Par sa complexité la cité offre aux regards une myriade de sujets imbriqués les uns dans les autres. Cet espace labyrinthique me donne la sensation d’un lieu ponctué d’ouvertures et de sas dans lequel le mot liberté change d’aspect et se couvre d’un voile opaque comme pour se rendre invisible…
La ville empile les corps dans des cases, la rue en tant que vecteur de déplacement et un lieu d’échanges, c’est là que je voudrais toucher du doigt (ou de l’œil) ces émotions qui m’assaillent quand mon regard s’y perd. Pour cette thématique j’ai d’abord pensé montrer le contraste  entre la cité Médiévale (Carcassonne) et la ville actuelle mais les faibles lumières des jours actuels m’ont amené à garder mon objectif tout en changeant les moyens d’y parvenir : construire moi-même l’environnement urbain à l’aide de cartons et de papiers de soie. Dans cette image nocturne (parce que la ville montre son âme quand le jour glisse dans les caniveaux) j’ai voulu évoquer l’impossible communication des êtres, la nature profondément disproportionnée des corps face au bâti.

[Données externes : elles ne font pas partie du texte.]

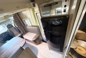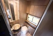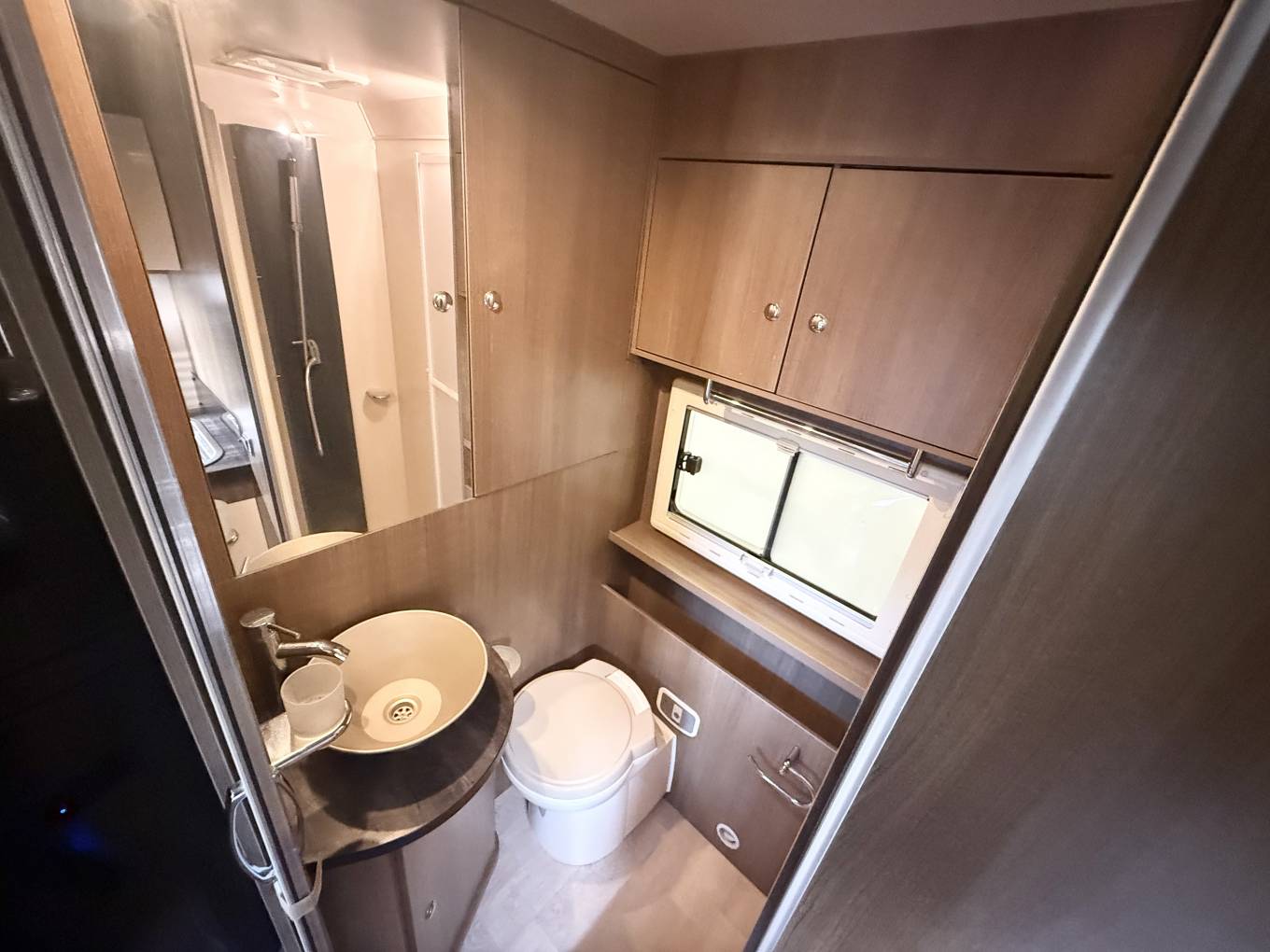 Finally to the rear is the all in one bathroom with separate shower cubicle with Perspex doors to close. The toilet is a cassette style Thetford fresh water flush unit with a swivel head, to the left a grey sink with chrome mixer tap. The bathroom benefits from a large wardrobe with hanging space or shelves, this can be accessed from inside or out of the Motorhome.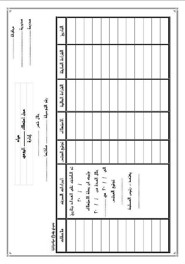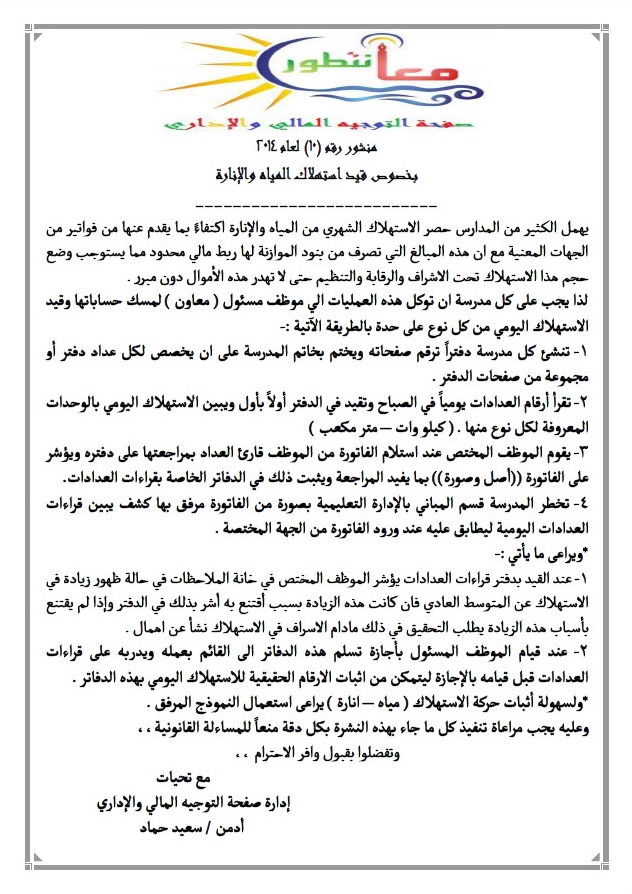 نشرة عامة رقم (10) لعام 2014 بخصوص قيد استهلاك المياه والإنارة

Le rapport entre la modernisation de la société et le poids qu’elle fait peser sur l’humain apparaît alors dans toute sa complexité au travers d’un dispositif d’une grande simplicité. Voilà le propos de cette image qui m’a donné du plaisir dans sa réalisation en retrouvant mes gestes d’enfant, cet enfant qui connut la ville et la fit sienne dans ces longues marches silencieuses en quête d’un autre soi, pour rencontrer la vie…

À bientôt pour une nouvelle histoire d’image…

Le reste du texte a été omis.